- Dataset entries
*** Block opens ***
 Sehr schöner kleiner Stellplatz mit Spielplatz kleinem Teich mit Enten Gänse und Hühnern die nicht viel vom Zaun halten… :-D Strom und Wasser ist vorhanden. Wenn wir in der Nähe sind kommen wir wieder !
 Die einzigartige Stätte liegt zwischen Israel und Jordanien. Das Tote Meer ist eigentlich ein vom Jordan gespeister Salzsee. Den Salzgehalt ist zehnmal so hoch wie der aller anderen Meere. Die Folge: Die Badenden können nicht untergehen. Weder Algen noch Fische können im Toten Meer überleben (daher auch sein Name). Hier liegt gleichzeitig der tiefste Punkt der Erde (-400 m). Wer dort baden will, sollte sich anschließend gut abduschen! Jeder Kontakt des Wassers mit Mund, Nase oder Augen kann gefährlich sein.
*** Block closes ***
*** Block opens ***
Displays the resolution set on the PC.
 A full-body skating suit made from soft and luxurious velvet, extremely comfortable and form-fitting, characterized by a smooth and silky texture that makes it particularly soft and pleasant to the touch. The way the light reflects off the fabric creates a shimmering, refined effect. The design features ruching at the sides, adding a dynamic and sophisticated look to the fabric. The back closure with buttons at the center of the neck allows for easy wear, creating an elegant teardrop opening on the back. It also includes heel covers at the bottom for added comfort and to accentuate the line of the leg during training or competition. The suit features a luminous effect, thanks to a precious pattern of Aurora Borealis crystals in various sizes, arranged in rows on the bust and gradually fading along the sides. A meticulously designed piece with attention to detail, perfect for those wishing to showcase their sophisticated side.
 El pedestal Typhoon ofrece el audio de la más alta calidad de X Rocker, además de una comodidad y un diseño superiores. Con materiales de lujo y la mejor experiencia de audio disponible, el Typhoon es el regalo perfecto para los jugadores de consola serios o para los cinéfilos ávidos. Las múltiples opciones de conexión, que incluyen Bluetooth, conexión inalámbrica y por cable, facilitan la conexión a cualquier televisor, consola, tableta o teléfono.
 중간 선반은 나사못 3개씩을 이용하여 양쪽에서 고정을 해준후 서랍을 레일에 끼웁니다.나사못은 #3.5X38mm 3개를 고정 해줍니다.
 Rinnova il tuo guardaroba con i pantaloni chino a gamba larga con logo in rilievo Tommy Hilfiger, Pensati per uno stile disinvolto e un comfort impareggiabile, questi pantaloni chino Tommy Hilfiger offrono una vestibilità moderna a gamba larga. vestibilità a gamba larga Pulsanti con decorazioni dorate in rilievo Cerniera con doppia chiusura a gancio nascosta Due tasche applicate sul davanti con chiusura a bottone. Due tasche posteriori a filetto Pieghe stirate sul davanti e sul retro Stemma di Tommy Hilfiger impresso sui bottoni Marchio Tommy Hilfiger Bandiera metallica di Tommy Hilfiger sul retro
*** Block closes ***
*** Block opens ***
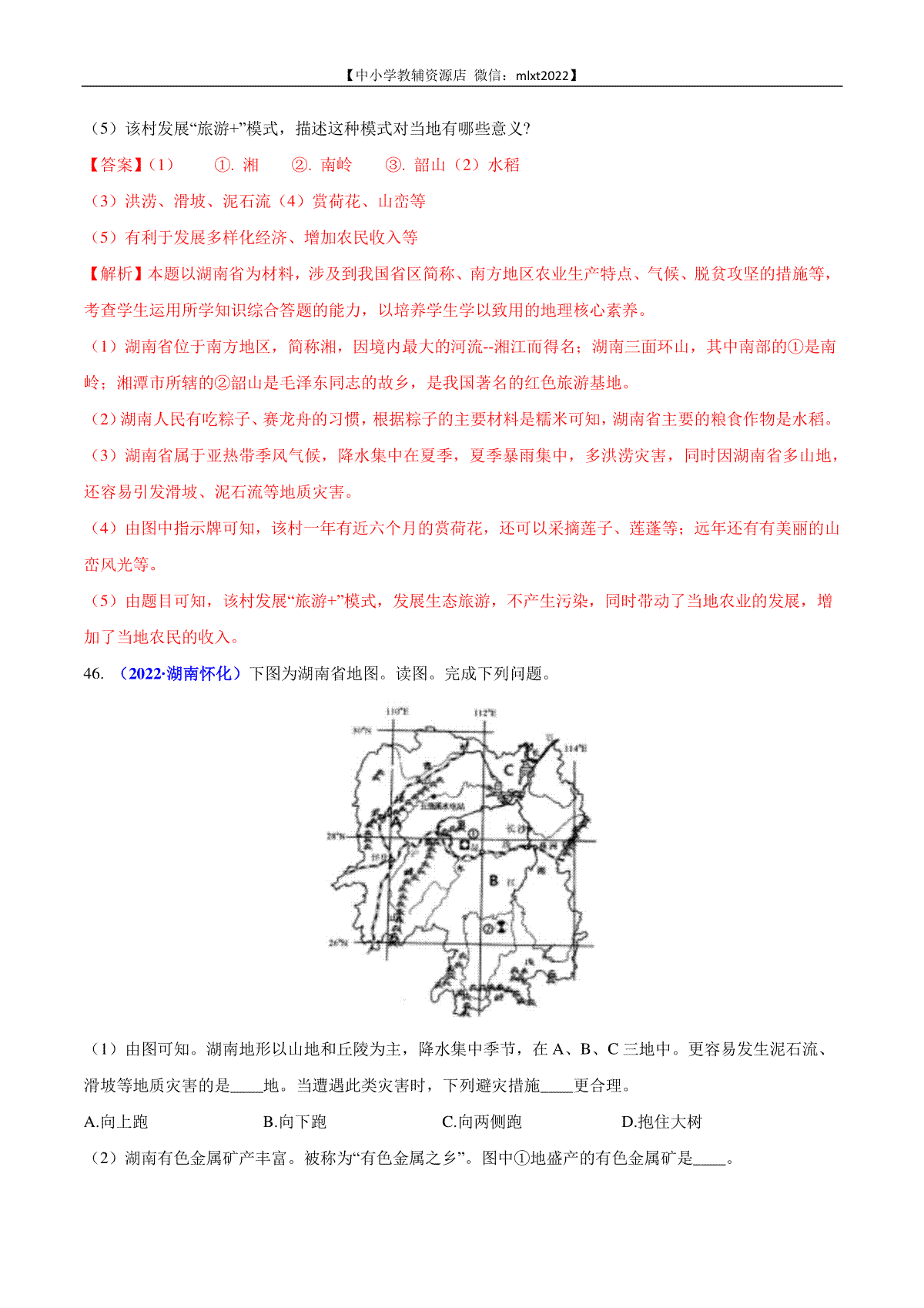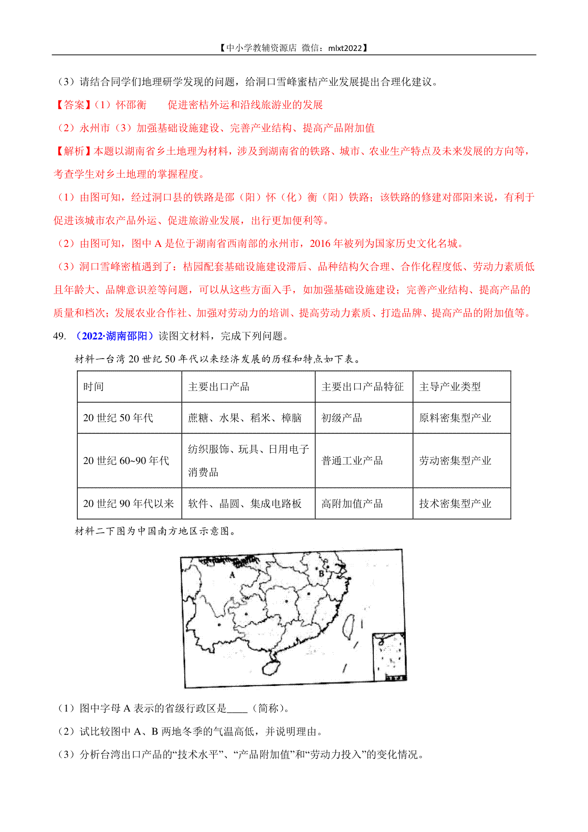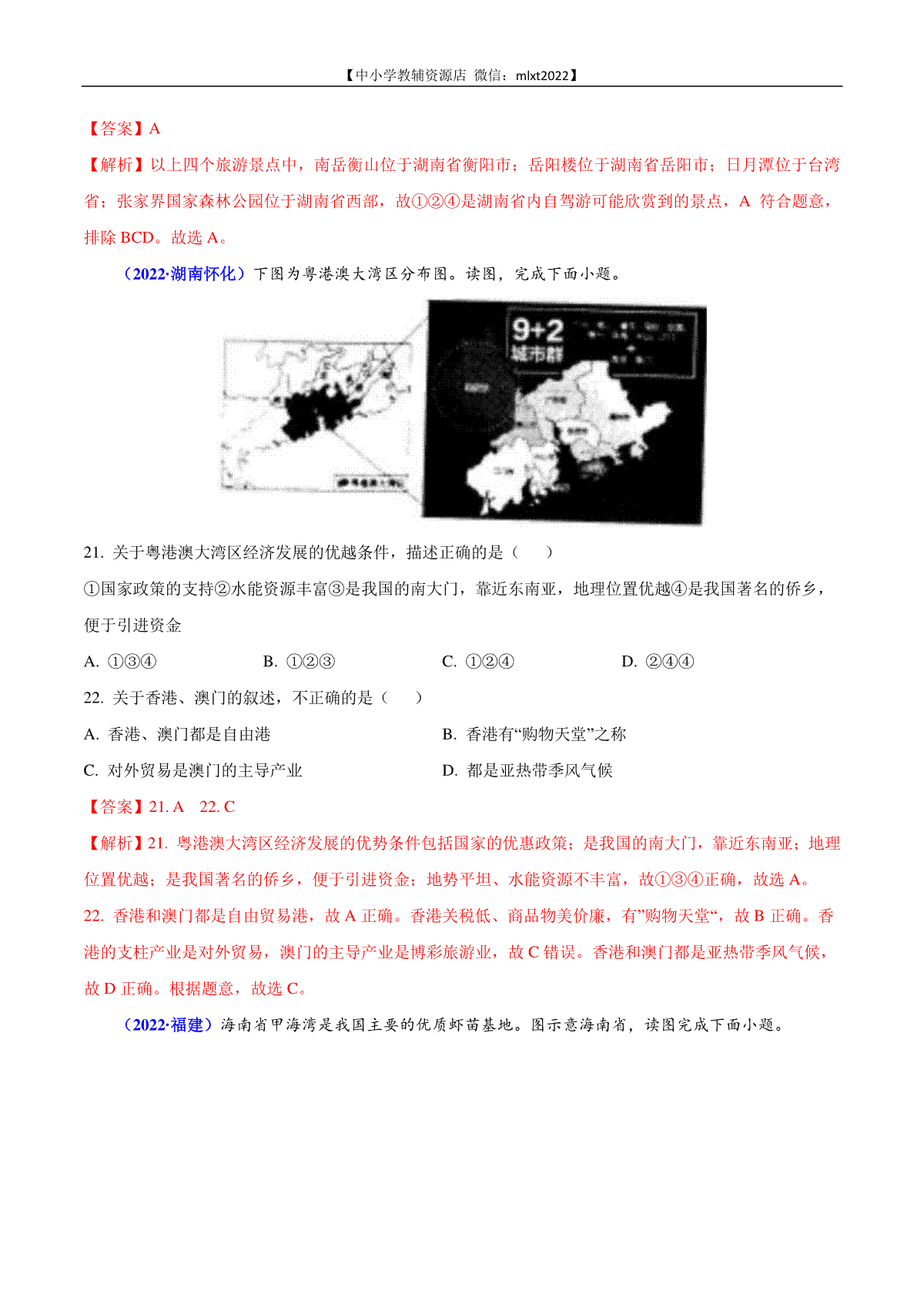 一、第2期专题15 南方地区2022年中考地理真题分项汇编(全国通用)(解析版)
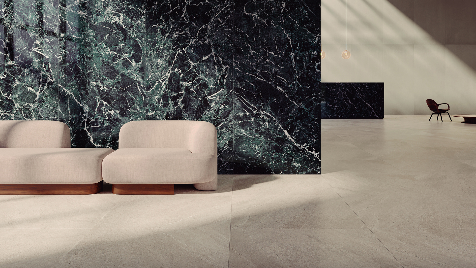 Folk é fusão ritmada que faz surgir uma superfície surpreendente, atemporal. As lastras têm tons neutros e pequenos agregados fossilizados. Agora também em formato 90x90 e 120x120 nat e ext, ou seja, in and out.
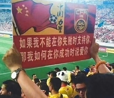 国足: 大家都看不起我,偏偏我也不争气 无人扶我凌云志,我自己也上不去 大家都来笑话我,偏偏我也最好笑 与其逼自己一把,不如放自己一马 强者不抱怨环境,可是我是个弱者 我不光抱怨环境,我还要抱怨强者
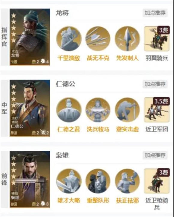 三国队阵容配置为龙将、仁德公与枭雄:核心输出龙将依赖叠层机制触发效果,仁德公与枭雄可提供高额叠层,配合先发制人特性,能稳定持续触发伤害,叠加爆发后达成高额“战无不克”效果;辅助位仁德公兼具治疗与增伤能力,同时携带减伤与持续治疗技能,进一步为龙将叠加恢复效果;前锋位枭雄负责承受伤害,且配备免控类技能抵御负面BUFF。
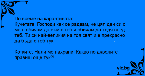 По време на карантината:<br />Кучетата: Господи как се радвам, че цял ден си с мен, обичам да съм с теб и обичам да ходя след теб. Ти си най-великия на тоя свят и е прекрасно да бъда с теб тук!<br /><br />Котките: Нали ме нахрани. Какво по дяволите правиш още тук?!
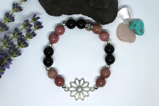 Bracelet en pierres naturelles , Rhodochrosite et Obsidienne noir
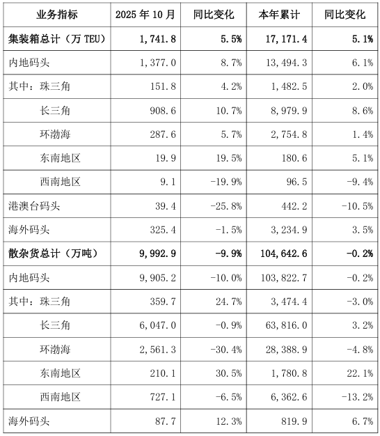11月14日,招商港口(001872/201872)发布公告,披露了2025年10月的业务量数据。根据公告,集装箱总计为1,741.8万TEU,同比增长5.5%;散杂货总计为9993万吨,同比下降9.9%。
*** Block closes ***
- Exercise objective
Copy out each line of the data that has the word "nicht" in it.

- Answer box
 Sehr schöner kleiner Stellplatz mit Spielplatz kleinem Teich mit Enten Gänse und Hühnern die nicht viel vom Zaun halten… :-D Strom und Wasser ist vorhanden. Wenn wir in der Nähe sind kommen wir wieder !
 Die einzigartige Stätte liegt zwischen Israel und Jordanien. Das Tote Meer ist eigentlich ein vom Jordan gespeister Salzsee. Den Salzgehalt ist zehnmal so hoch wie der aller anderen Meere. Die Folge: Die Badenden können nicht untergehen. Weder Algen noch Fische können im Toten Meer überleben (daher auch sein Name). Hier liegt gleichzeitig der tiefste Punkt der Erde (-400 m). Wer dort baden will, sollte sich anschließend gut abduschen! Jeder Kontakt des Wassers mit Mund, Nase oder Augen kann gefährlich sein.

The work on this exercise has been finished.